NVlabs/Deep_Object_Pose

Results bounding box shifted for custom model

Closed this issue · 4 comments

Hello,

when I use models provided with the repo (MobileNet) I receive:
000000_belief
000000

But when I use a custom model (Resnet-based), I receive:

resnet_000000_belief
resnet_000000

The belief maps look very similar, but the cuboid is shifted to the right-bottom. Any idea what's happening here?

A few things could be going on here. Can you check the raw 2d points locations -- check the array values? Are they different? Are you using different intrinsics? or cuboid size?

But I am surprised by the shift as well, it should not be this big. Are you using train2 vs train?

I could solve the issue. I found multiple things that could have impacted the results:

  1. You can see that also the first (MobileNet) mobile has a small shift. This one could be removed by setting this variable in https://github.com/NVlabs/Deep_Object_Pose/blob/master/scripts/train2/inference/detector.py#L607 to 0:
    OFFSET_DUE_TO_UPSAMPLING = 0 #0.4395
    Could you explain its purpose and where its definition is coming from?

  2. For the ResNet model, the heatmap size is 52, instead of 50. I think this leads to incorrect upscaling. In your code the default output size is 400. The scale factor is 8 in https://github.com/NVlabs/Deep_Object_Pose/blob/master/scripts/train2/inference/detector.py#L550, which makes perfectly sense to me, because 400/50=8. But when I adapt the scale factor to a heatmap of 52 I get incorrect results. How is the upscaling actually working?
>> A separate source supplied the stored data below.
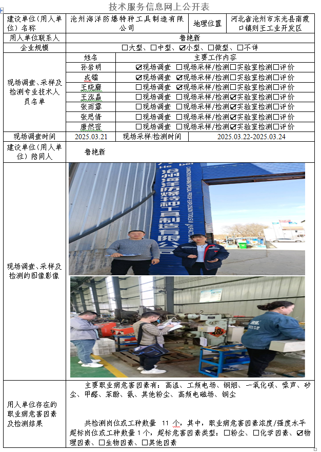 2025年沧州海洋防爆特种工具制造有限公司定期检测网上公示
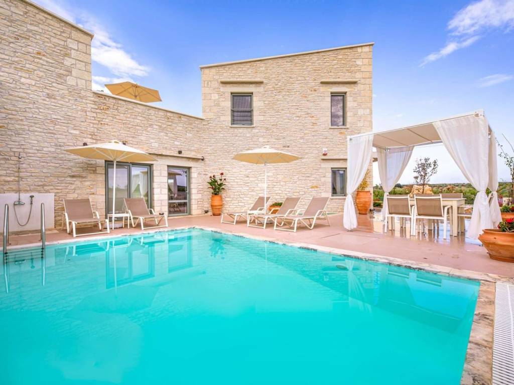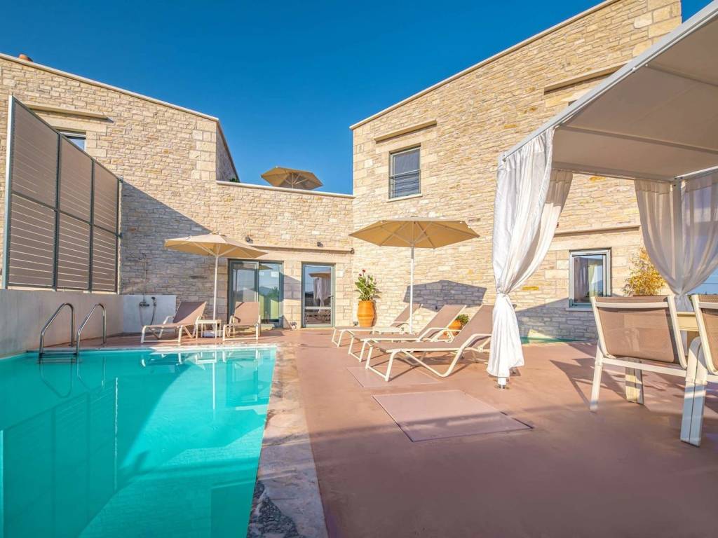 Villa of 116 sq.m. for long-term rental in the wider area of ​​Panormos. This is an independent property, in a complex of two villas, which extends over two floors (with the first being adapted for use by disabled people). The two villas have different orientations so as to offer privacy and independence. This particular villa has an exclusive outdoor area of ​​approximately 650 sq.m. enclosed with a stone wall and an electric garage door. The outdoor areas offer, at least, two parking spaces, ramps to the entrance of the house, trees and plants that blend harmoniously with the natural environment of the area as well as a dining area and barbecue. Of course, the show is stolen by the heated swimming pool (with jacuzzi) and the area around it that promises endless hours of relaxation both during the summer and winter months. The exterior of the building is entirely covered in stone and blends in with the natural landscape. Inside, what becomes immediately clear is the simple luxury that the villa exudes with the built-in sofas, the built-in kitchen cabinets and the pale colors. The fully equipped kitchen is integrated with the dining room and the living room. The space is bathed in natural light as it has large glass surfaces that offer direct access to the pool area. On the ground level there are large openings to allow wheelchair access while the bathroom is designed for use by disabled people. The ground floor offers also a large fully equipped bedroom. On the second level there is essentially the master bedroom which can also be used as an independent space. It has its own entrance, a huge terrace, a bathroom with shower and a separate cozy corner as a living room. Overall, this is a villa that can meet even the most demanding living needs. Another great advantage is the unformed basement of approximately 70 sq.m. which can be used either as storage space or as an office. It has both natural lighting and ventilation and there are no ‘suffocating’ conditions at all despite being underground. On a practical level, the villa has heat pumps for all uses. For heating water, for the heated pool but also for cooling and heating the property as a whole. The frames are aluminum with thermal breaks, there is an alarm while all appliances are functional and modern. The wider area is in the center of the island, which makes it easy to travel throughout Crete. Panormo is located between the cities of Heraklion and Rethymno, while the villa is just 1000 meters from Panormo beach. Five minutes from the property is Perama, one of the most developed settlements in the prefecture of Rethymno. There you can find everything. Supermarkets, banks, a medical center, schools and generally any kind of service that someone may need in their daily life. The city of Rethymno is 20 minutes from the property with access via the Northern Road Axis of Crete (VOAK) while the nearest airport is that of Heraklion which is about 45 minutes away. Responsible for the listing is Mr. Konstantinos Μoullos, licenced realtor with General Commercial Registry Number (GEMI) 3469607. Despite the fact that Aspis Real Estate Rethymno takes all precautionary measures to ensure that everything that is written in our classified ads is true, these are by statement of the sellers therefore we cannot accept any responsibility for the correctness of the information. In any case we offer a strong recommendation to check the information with certified professionals before any down-payment.
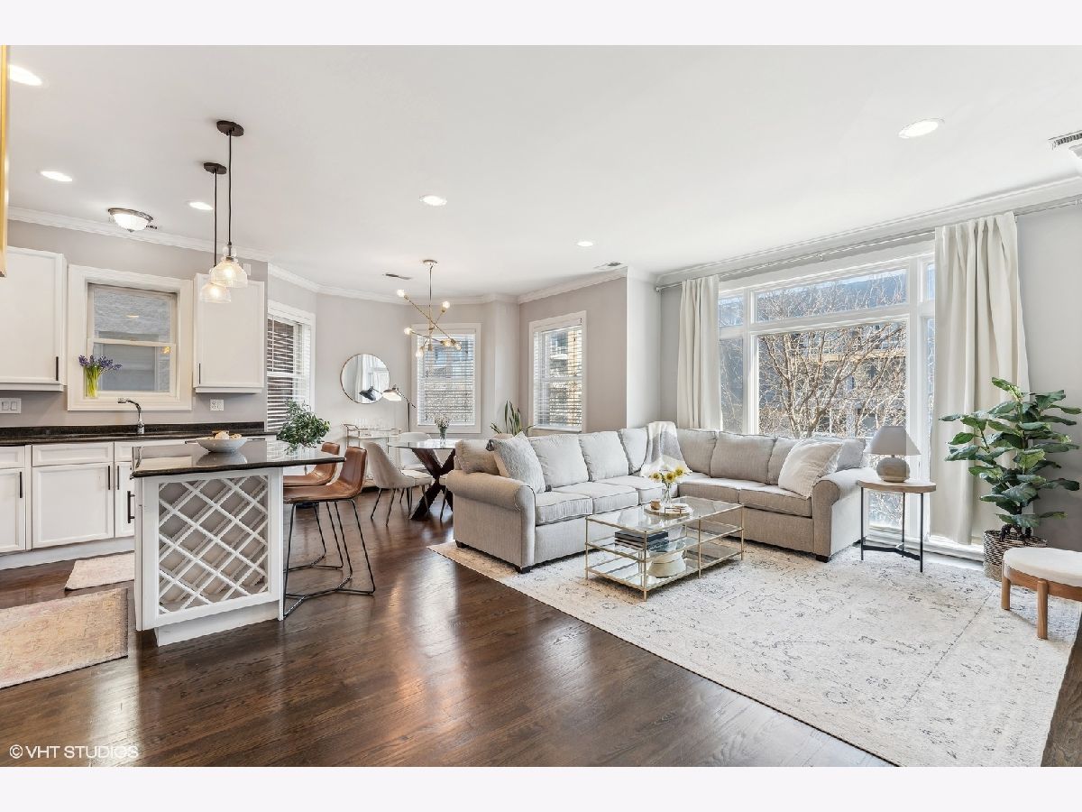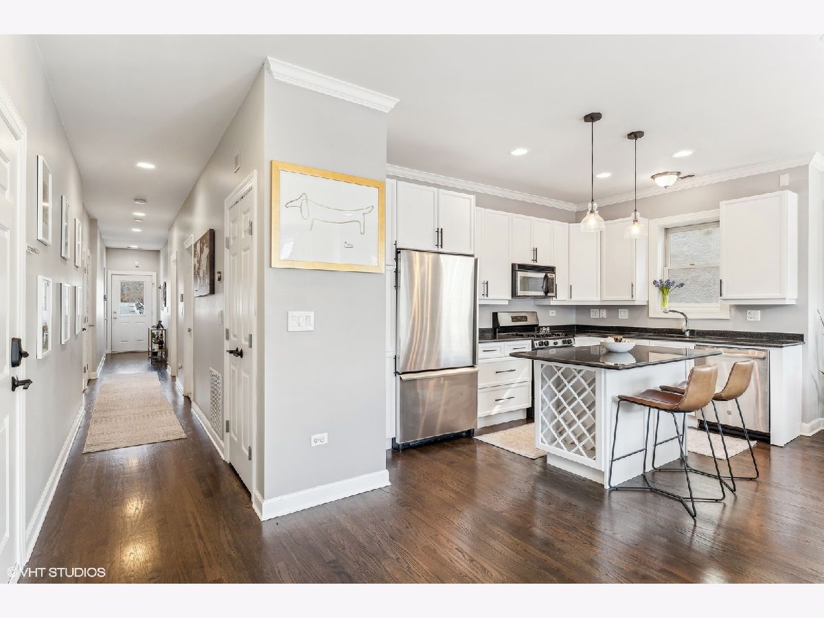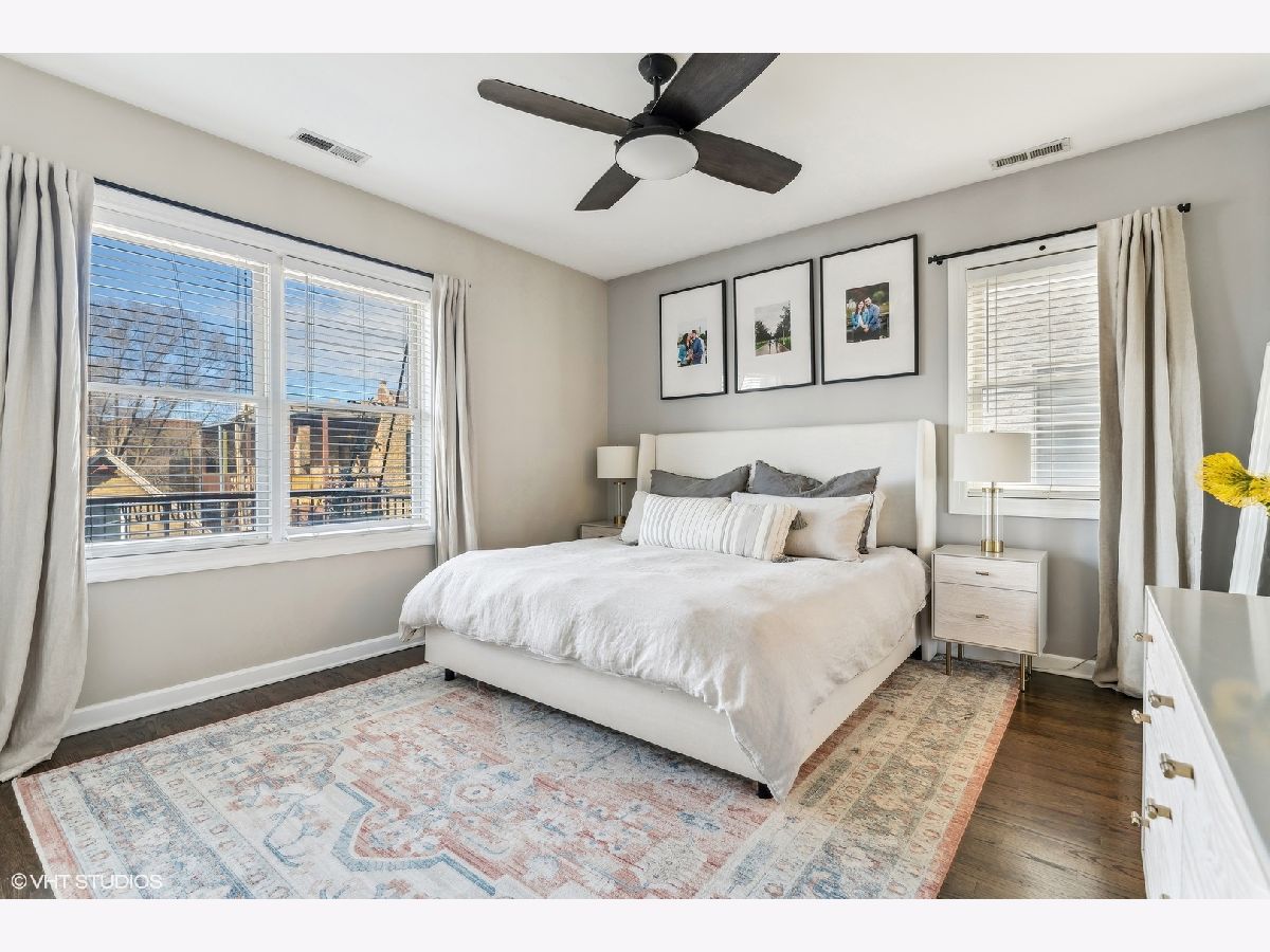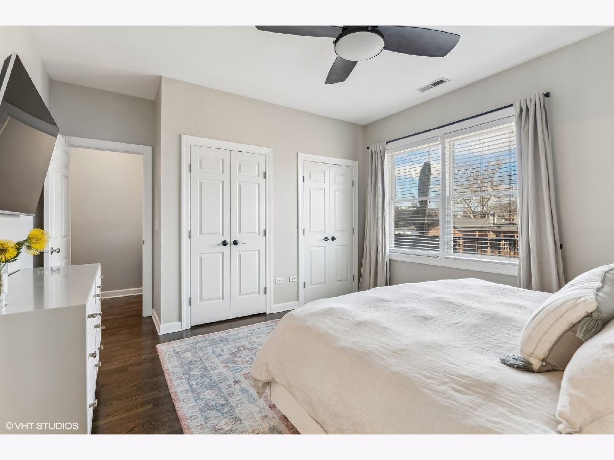 Extra-wide two bedroom two bathroom home in Lakeview/Southport Corridor! This bright and spacious home has it all. Open concept living and dining perfect for entertaining. Gather around your kitchen island complete with stainless steel appliances, white shaker style cabinetry with on trend pulls. High ceilings and natural hardwood flooring throughout -including bedrooms! Your spacious living room is beautifully and thoughtfully laid out with custom built ins, a gas fireplace, and a decorative mantle. Large bay windows create a perfect spot for your dining area. Tuck yourself away in your primary bedroom featuring an entire wall of closets and an updated en-suite bathroom with double vanity and whirlpool tub. Great sized second bedroom with room for a bed and desk if needed for a work from home situation. Conveniently access the second bathroom via the hallway or the bedroom. Enjoy a beverage of your choosing on your private deck off the back of the property (that you don't access from the bedroom) where you can take in gorgeous sunsets. Newer in-unit washer/dryer (2023). Near Paulina Brown line stop, Whole Foods, Target, and tons of restaurants and shops. Additional private storage in the basement. One garage parking space is included in the price.

  3. For ground truth data, I use the Isaac Sim replicator from NVIDIA. It comes with the DOPEWriter that produces matching ground truths for training. But I found that the provided projected centroid isn't actually the object's centroid, but the center point of the object's bottom plane.

  1. yeah there was a bug in the first version that I manually added this upscalling thing, I dont remember everything there.
  2. humm how come it is 52, I think these 2 pixels are shifting the results possibly. The upscale it is px*8 and then pnp is ran on that.

Did you check the raw 2d keypoints position one vs the other, without running pnp, so we can start isolating the problem.

The shifting was cause due to a wrong scale factor, as I changed the heat map size.
Thank you for your time.